Data extract: Begin

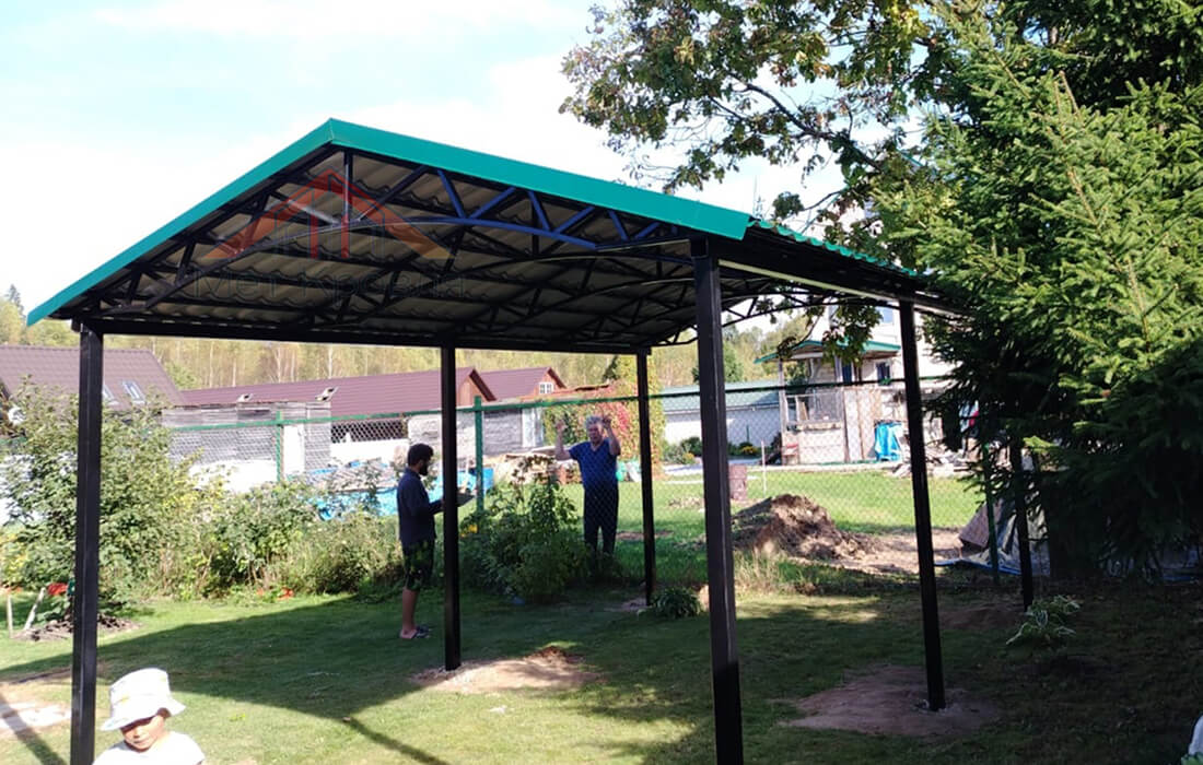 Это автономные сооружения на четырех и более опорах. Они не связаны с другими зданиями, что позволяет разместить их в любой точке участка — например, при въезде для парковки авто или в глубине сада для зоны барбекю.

Data extract: End
Data extract: Begin

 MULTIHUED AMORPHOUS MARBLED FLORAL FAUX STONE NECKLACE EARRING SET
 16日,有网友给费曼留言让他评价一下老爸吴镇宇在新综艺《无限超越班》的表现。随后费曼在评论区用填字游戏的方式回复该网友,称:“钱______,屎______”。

Data extract: End

Task to carry out >>
Set down, from the entries above, exactly the lines from the one with "MULTIHUED AMORPHOUS MARBLED" up to and including the one with "16日,有网友给费曼留言让他", and no other lines.

Exercise output >>
 MULTIHUED AMORPHOUS MARBLED FLORAL FAUX STONE NECKLACE EARRING SET
 16日,有网友给费曼留言让他评价一下老爸吴镇宇在新综艺《无限超越班》的表现。随后费曼在评论区用填字游戏的方式回复该网友,称:“钱______,屎______”。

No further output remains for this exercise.